--- MATERIAL PROVIDED ---
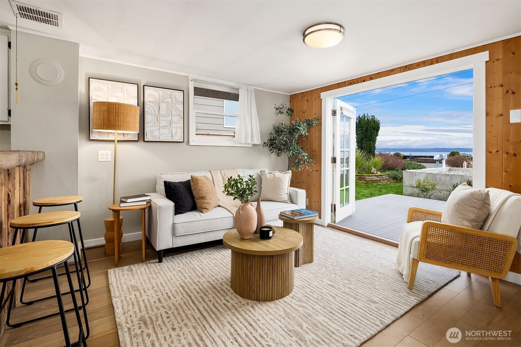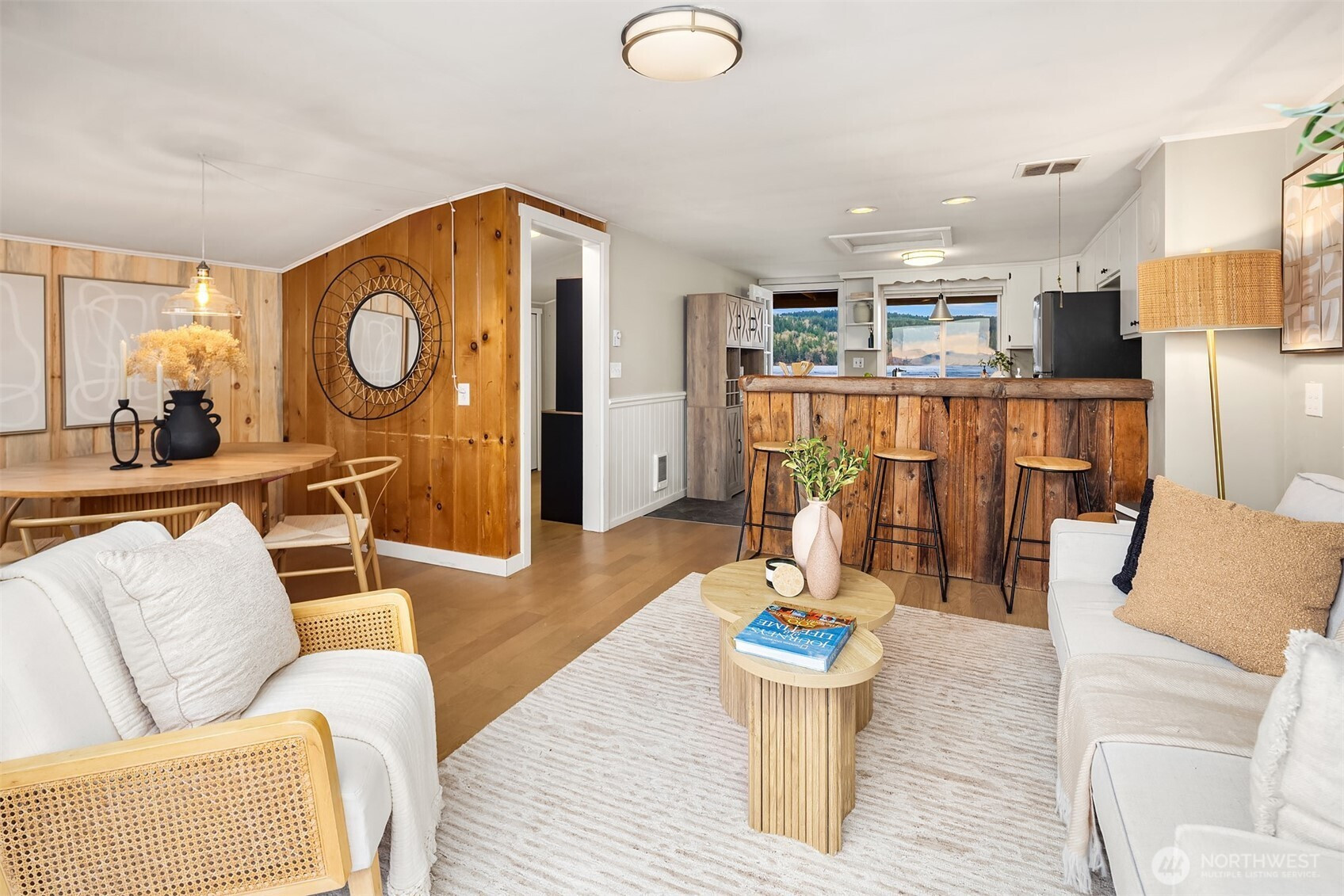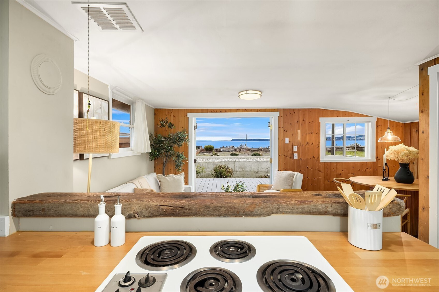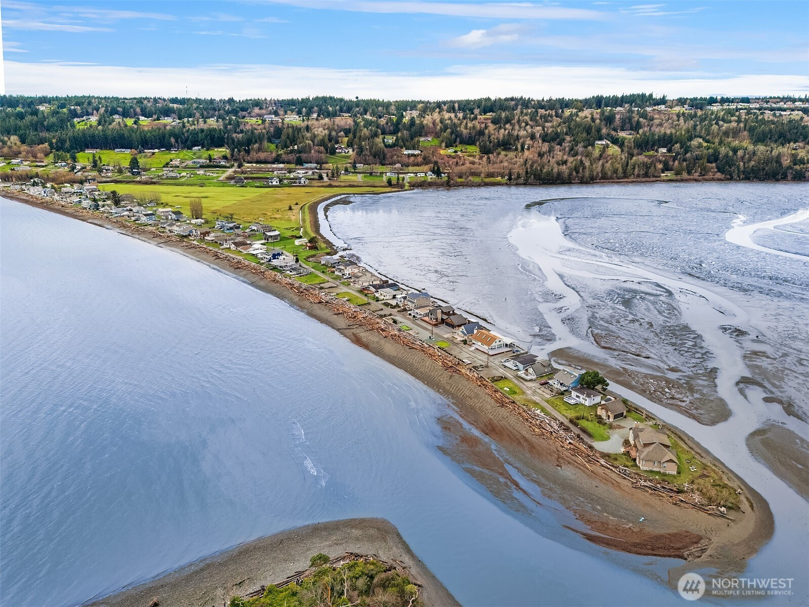 Escape to your own waterfront paradise, this charming cabin boasts rare level access to the shore. Captivating panoramic views of Port Susan, Barnum Point, and majestic Mt. Rainier await! Inside, enjoy cozy evenings by the wood-stove, a spacious walk-in closet, and French doors opening to a durable composite deck. A separate guest bungalow adds versatility for visitors or extra space. Stroll the private beach for treasure hunting and leisurely walks. This delightful cabin feels spacious and inviting—ideal as a peaceful weekend getaway, lucrative vacation rental, or year-round home in the desirable Driftwood Shores. Plus, over $20,000 of recent upgrades including the back deck, pergola, fencing, and a new septic system for peace of mind.
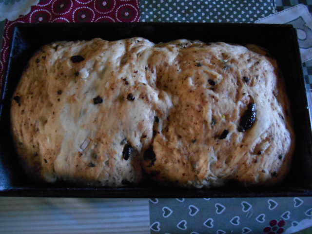150 gr d'eau 40 gr d'huile d'olive 15 gr de levure fraîche 350 gr de farine 5 gr de sel 85 gr de feta 25 gr échalote 50 gr d'olives noirs dénoyautées Verser l'eau,l'huile d'olive et la levure fraîche dans le bol programmer 1'30/37°/Vit 2 Ajouter la farine,le sel,pétrire 3' en mode épi Ajouter les olives,et dés de feta,échalote coupée finement et pétrir 30 sec en épi avec la spatule Vider le bol sur un peu de farine et lui donner une forme Déposer dans une platine pour pain bien huillée et farinée
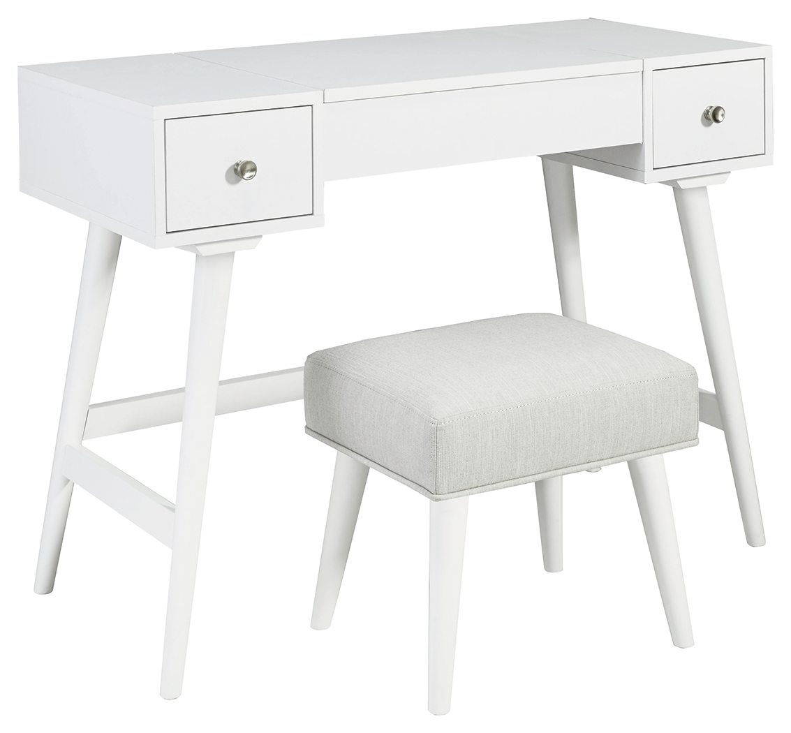 Whether in a teen’s room, master bedroom or dressing area, the mid-century inspired design of this vanity set in white is packed with possibilities. The flip-top design makes it doubly handy as a vanity or writing table; flip it up for access to hidden storage and a mirror, and flip down for a flat work surface. Two smooth-gliding drawers offer additional storage for makeup and beauty essentials, while the sumptuously upholstered seat makes the experience complete.
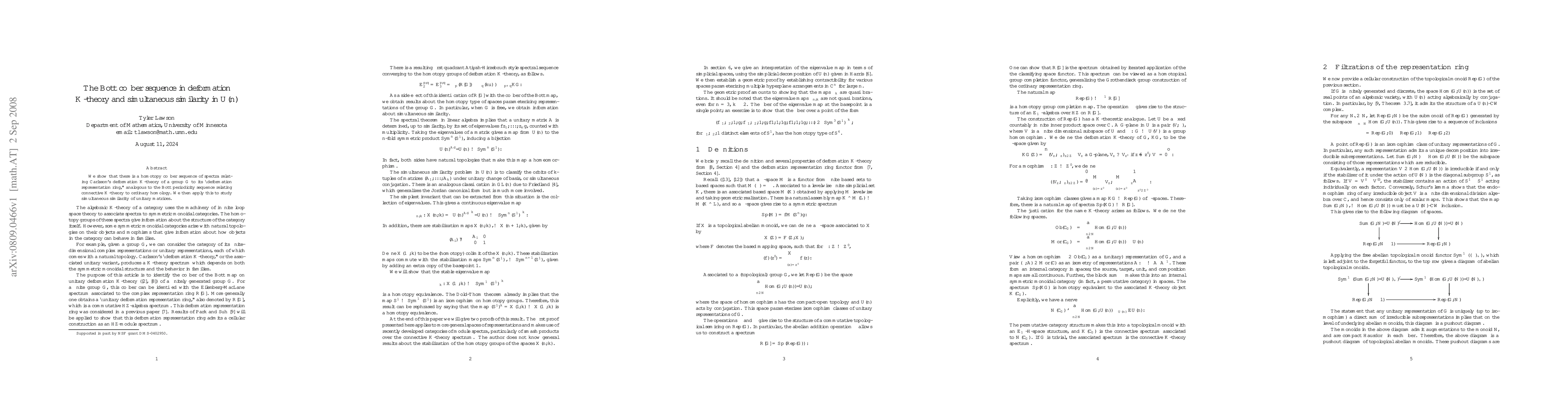 We show that there is a homotopy cofiber sequence of spectra relating Carlsson's deformation K-theory of a group G to its "deformation representation ring," analogous to the Bott periodicity sequence relating connective K-theory to ordinary homology. We then apply this to study simultaneous similarity of unitary matrices.
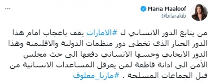 أشادت الإعلامية ماريا معلوف بدور دولة الإمارات العربية المتحدة في المجال الإنساني، مؤكدة أنه تجاوز جهود المنظمات الدولية والإقليمية.
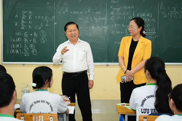 Tại điểm thi Trường THPT Lưu Văn Liệt, tỉnh Vĩnh Long, Thứ trưởng Lê Tấn Dũng đã tiến hành khảo sát kỹ lưỡng về điều kiện cơ sở vật chất, công tác bảo đảm an toàn, an ninh tại điểm thi.
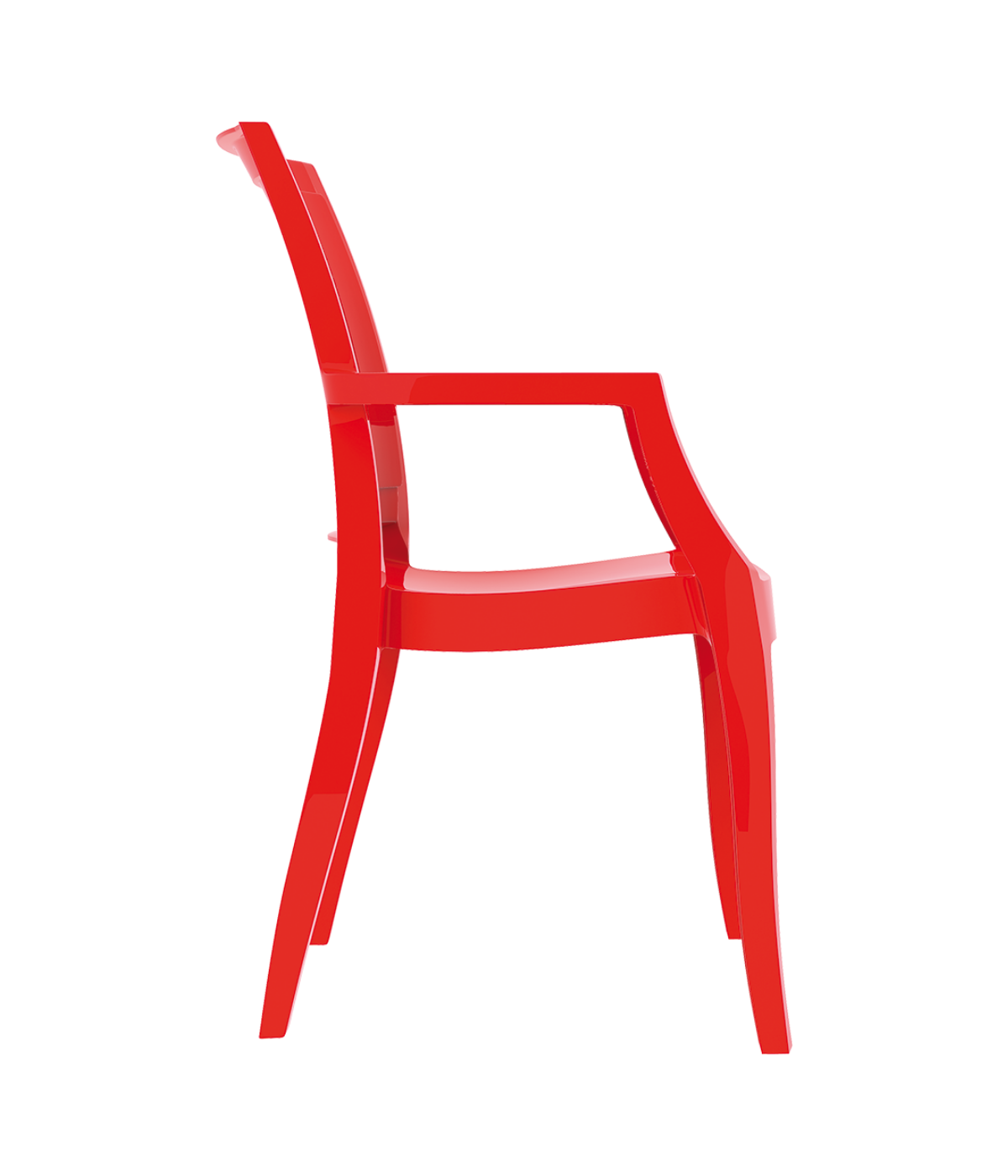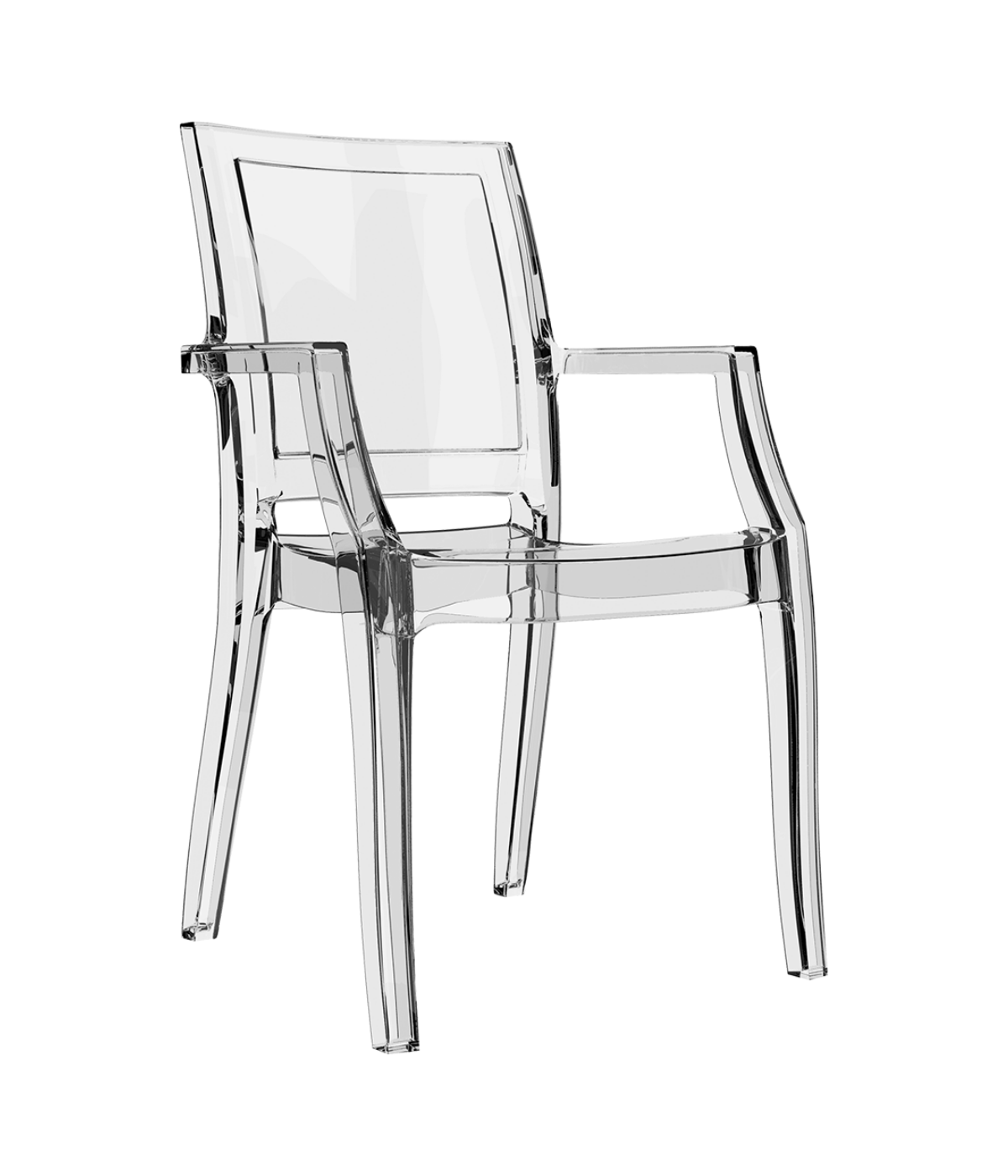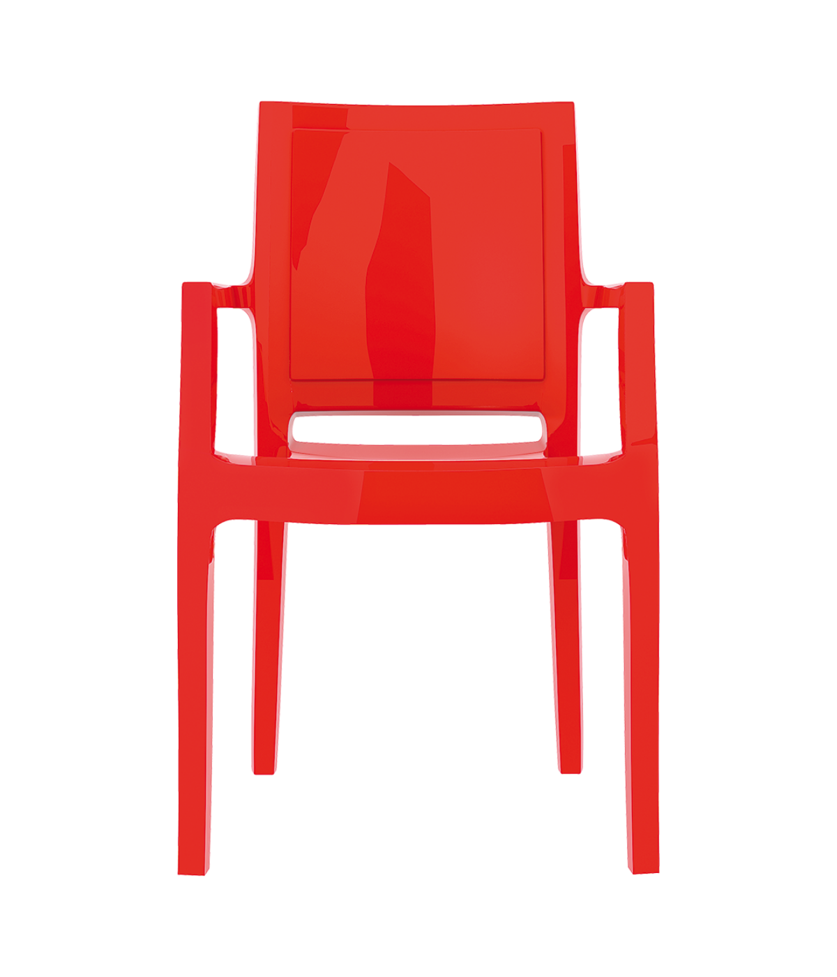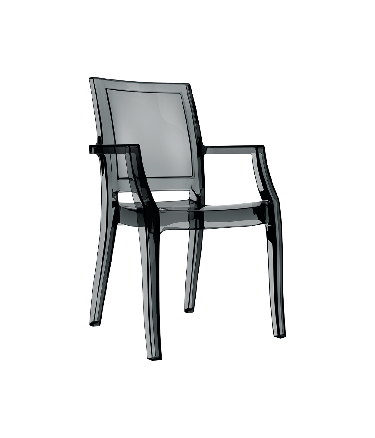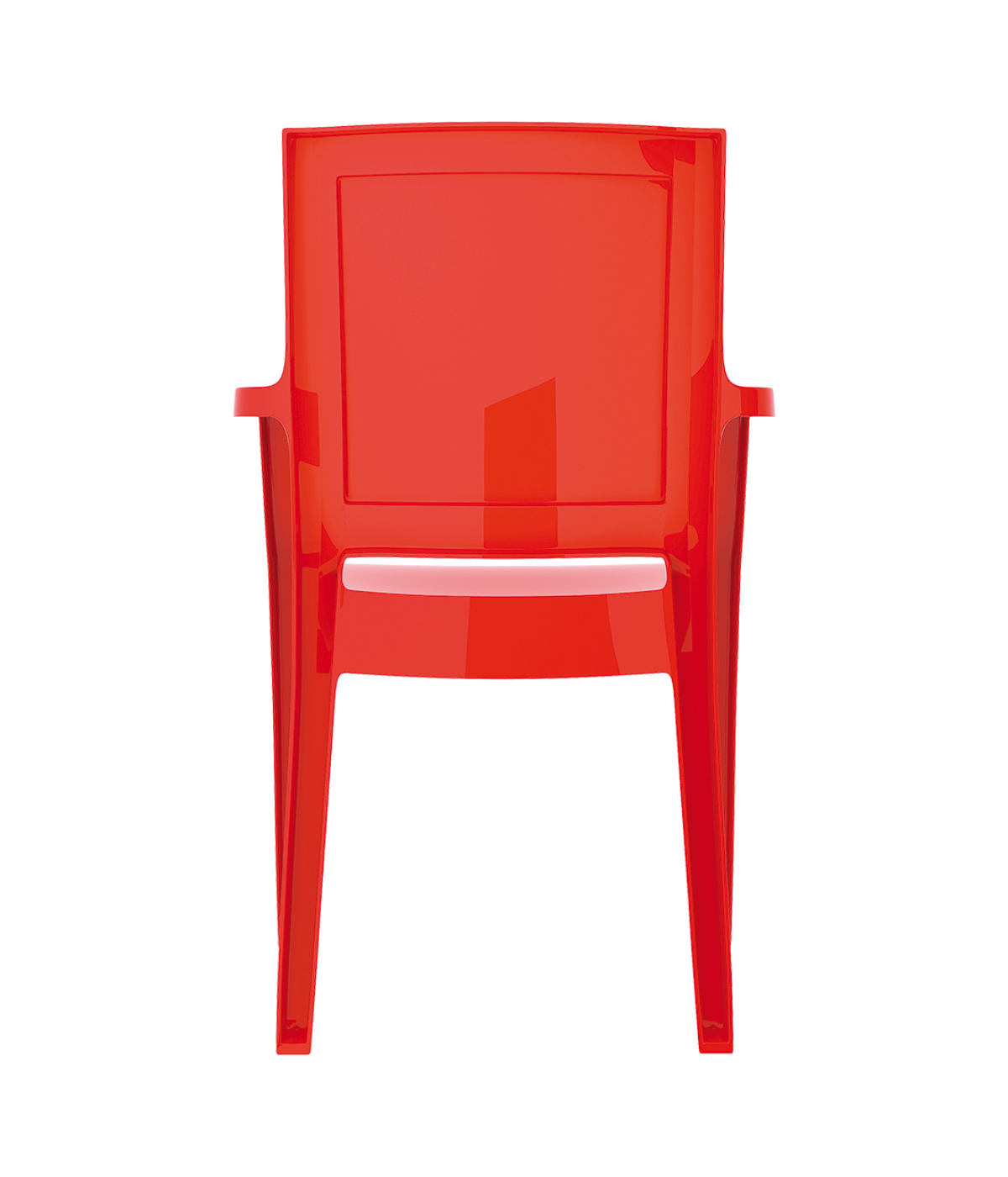 Stacking armchair for indoor and outdoor use in shiny technopolymer PA6 nylon or clear polycarbonate. Scratch resistant, self - extinguish classification V2, UV - resistant.

--- EXERCISE DETAILS ---
Take the material above from its first line through the line that has "150 gr d'eau" and copy it exactly, without any pictures.

--- THE COMPLETED TASK ---
 Escape to your own waterfront paradise, this charming cabin boasts rare level access to the shore. Captivating panoramic views of Port Susan, Barnum Point, and majestic Mt. Rainier await! Inside, enjoy cozy evenings by the wood-stove, a spacious walk-in closet, and French doors opening to a durable composite deck. A separate guest bungalow adds versatility for visitors or extra space. Stroll the private beach for treasure hunting and leisurely walks. This delightful cabin feels spacious and inviting—ideal as a peaceful weekend getaway, lucrative vacation rental, or year-round home in the desirable Driftwood Shores. Plus, over $20,000 of recent upgrades including the back deck, pergola, fencing, and a new septic system for peace of mind.
150 gr d'eau 40 gr d'huile d'olive 15 gr de levure fraîche 350 gr de farine 5 gr de sel 85 gr de feta 25 gr échalote 50 gr d'olives noirs dénoyautées Verser l'eau,l'huile d'olive et la levure fraîche dans le bol programmer 1'30/37°/Vit 2 Ajouter la farine,le sel,pétrire 3' en mode épi Ajouter les olives,et dés de feta,échalote coupée finement et pétrir 30 sec en épi avec la spatule Vider le bol sur un peu de farine et lui donner une forme Déposer dans une platine pour pain bien huillée et farinée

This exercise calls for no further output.